Decoherence theory is weakly objective in principle, it is a theory that is referred to us in terms of there being proper and improper mixtures, with the proper mixtures are beyond our capabilities to measure so we only get access to the improper mixtures thus the theory cannot provide the realism that Leifer seems to hanker for, but in terms of a mathematical account of the transition from micro to macro it seems to be a valid model of physics with no pretense of escaping the element of subjectivity. Physics isn’t necessarily about describing a reality that goes beyond one’s subjective experience; rather it can be attributed to describing one’s reality with an apparent separation of subject and object; a separation that breaks down at the quantum level, leaving us with a weak objectivity, it would also leave one with the impression that decoherence is a means of re-establishing strong objectivity but that would be counter-intuitive to what I said prior, namely that decoherence theory is considered weakly objective since the formalism is specifically referring towards our abilities or lack thereof. Decoherence cannot answer the “foundational issues” that Leifer desires in the manner of an ontology that’s independent of human intuition, however, I do not any reason for discarding the decoherence theory all because of that.

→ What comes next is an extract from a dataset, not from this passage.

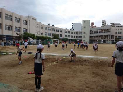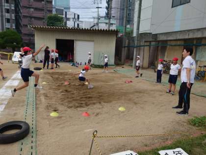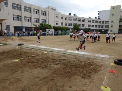 うまく跳べるように、ステップのリズムを考えながら何度も挑戦していました。

Nevertheless, I will say that I do not believe that anyone, with a scientifically-sound mind, advocates a science of pure measurement, rather we hold that our measurements are telling us something about the world around us. We long for the flavor of scientific realism yet we also recognize that we have to measure in order to do empirical science and we all  recognize that measurement is sort of–a filter. We can see what passes that filter because that’s what we can do with science, and we accomplish our goals we declare that science works in the real world. We can notice that science without the need to believe that science is capable of revealing the true world as it really is. This can be called naive realism–not scientific realism or “structural realism”. Here’s the key distinction: we can hold that there is a real world and we can hold that it is useful to associate certain properties with the real world but only as defined in elements of our proposed theories since the properties are theoretical and not in the real world, then and only then can we have success and none of that adds up the properties themselves as being real.

In physics, an “observation” is always an interaction that involves certain idealizations and approximations. Hence, all observations come with the concept of “measurement error”. To science, this is fundamental, it’s not some minor detail we can pretend does not exist and invoke a concept of an “exact observation” (a scientific oxymoron). We would like to minimize this error but to do so we would be using a concept of an “accuracy target”, and if there was not some finite accuracy target in the observations then absolutely no theory could ever be satisfying, in the least sense, in efforts of explaining those “exact observations”. It you were to invoke the concept of an “exact observation”, in regards to what an observation means, the application of scientific language becomes meaningless or no one would be willing to discuss scientific goals in a way that’s coherent.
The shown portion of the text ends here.